About two years ago my grandmother passed away. It was not a surprise she had been going down the path at the end of her life for quite some time. We used to go out to breakfast with her and my grandfather every weekend, my family and I. One week she wasn’t well enough to come, nor the week after that. We would visit her every week; my grandpa would visit everyday. Week after week her eyes would be just a little less bright. Week after week she took another step down that final path. Eventually she had to be moved into a nursing home. We didn’t go on anymore walks after that. One day she just did not wake up. This didn’t come as a surprise, it wasn’t shocking or sudden. Simply it was her time to go; the sun had finally set on her journey. In passing she was able to do one last thing.

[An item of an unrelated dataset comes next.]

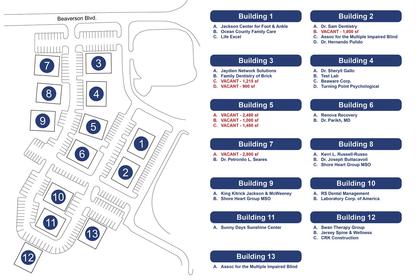 Situated in beautiful Ocean County, Lions Head Office Park offers convenient access from the Garden State Parkway, Route 70, Route 35 and Route 9. Lions Head Office Park consists of 13 one-story buildings located at the intersection of Beaverson and Brick Boulevards. Within walking distance to banks, eateries, and minutes from retail shopping and popular restaurants. Ample on-site parking is available.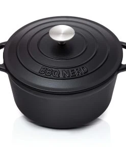 Die Patina, die sich auf der Oberfläche ausbildet, verleiht jedem Gericht ein besonderes Aroma und wirkt wie eine moderne Antihaftbeschichtung. Der gusseiserne Topf von BBQ-Nerd© ist durch die zusätzliche Emaille-Beschichtung besonders pflegeleicht.

Over the next couple days, all my aunts, uncles, and cousins, daughters, sons, and grandchildren came to my grandpa’s house. On the day of the funeral we all wore buttons celebrating her; mine said, “Kiss me I’m Irish”. As we all gathered we realized that she would not want to be remembered in death, not like the final years of her life, but the way she lived her life. We all laughed that day at the funeral, not a sad laugh, but we laughed about what we remembered in her life. She was not a shy person; she was as wild as they come. I learned more about whom my grandma really was that night then I would ever remember from the short part of her life I was alive for. How she would hop in a convertible with my uncle, her son-in-law, and love every minute of it. She was always the life of a party, and even in death she still was. No one told a sad story that day, everyone just reminisced about the great times they had had with my grandma. Every story ended happy, every story was just another page in her glorious life.

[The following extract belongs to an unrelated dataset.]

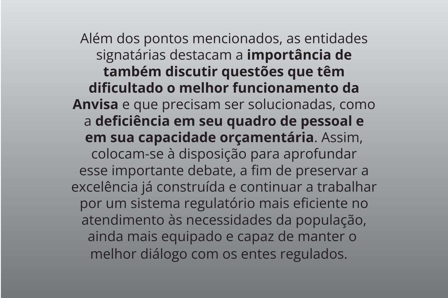 Além dos pontos mencionados, as entidades signatárias destacam a importância de também discutir questões que têm dificultado o melhor funcionamento da Anvisa e que precisam ser solucionadas, como a deficiência em seu quadro de pessoal e em sua capacidade orçamentária. Assim, colocam-se à disposição para aprofundar esse importante debate, a fim de preservar a excelência já construída e continuar a trabalhar por um sistema regulatório mais eficiente no atendimento às necessidades da população, ainda mais equipado e capaz de manter o melhor diálogo com os entes regulados.”

Her final act of death was not a burden or a devastating blow. It brought the whole family together, and we were sad of course but in remembering her it was only possible to do it with a smile on your face and a laugh in your heart. She made me believe that it’s not how you die, or when you die, or how long you lived that makes a difference. The things that really make a difference at the end of your life are how you lived. Even in death we found humor, being able to laugh at death, not in jest, but in love. This led me to believe that even in death you can bring joy to those who loved you.